How long have you been a dermatologist and researcher and do you care for adults and children?

I have been working as a dermatologist since Jan 2000 and I completed my specialist training in 2008. I care for adults and children.

What inspired you to follow this career path?

I think the skin is such an important and interesting part of human health and I am inspired by the opportunities to make a real difference to people affected by dermatological disease if we can understand the skin better.

What are the biggest challenges you face in your role?

Not enough hours in the day.

What do you enjoy most about your job?

It’s a privilege to try and help people with skin problems.

Why did you become involved with the ISG?

Specialist support groups are important for patients/families and healthcare professionals so we can learn from each other.

How do you raise awareness and signpost people towards the ISG?

We have ISG leaflets in our department but I also mention the organisation to patients and families affected by ichthyosis.

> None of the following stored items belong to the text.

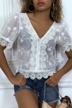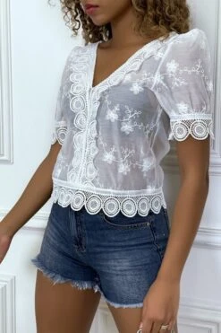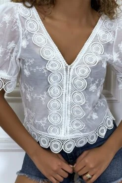 Blouse blanche ajourée en col V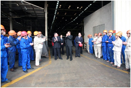 正月初八一早,全国人大代表、中国和记官网控股有限公司董事局主席李新炎先生,就来到和记官网(福建)基地给正在检修设备、准备开工的一线员工拜年。李新炎主席先后来到装载机、挖掘机生产线和桥箱、液压油缸、精密铸锻件生产车间,一边给大家拜年,一边了解员工日常工作和节日生活的情况,热情勉励广大员工爱企爱家,在企业争当好员工,在家里争做好父母、好夫妻、好儿女。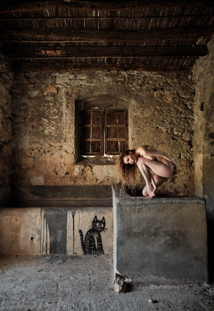 We also visited an abandoned village. I spent ages cloning out the graffiti of a cat, before deciding I actually quite liked it and reversing all of my hard work!

Why is being a dermatologist and researcher important to you?

Patients and the challenges that they face are what motivates and directs my research – so I value being a dermatologist, to hear about and share with these challenges directly. Being a researcher is important to me so that I have hope of better treatments in the future – hope for me as a clinician but also hope to share with my patients.

Outside of your role what are your interests and hobbies?

I have a large and over-friendly dog and I love walking. I also enjoy cycling (with my e-bike!) gardening and baking for friends and family.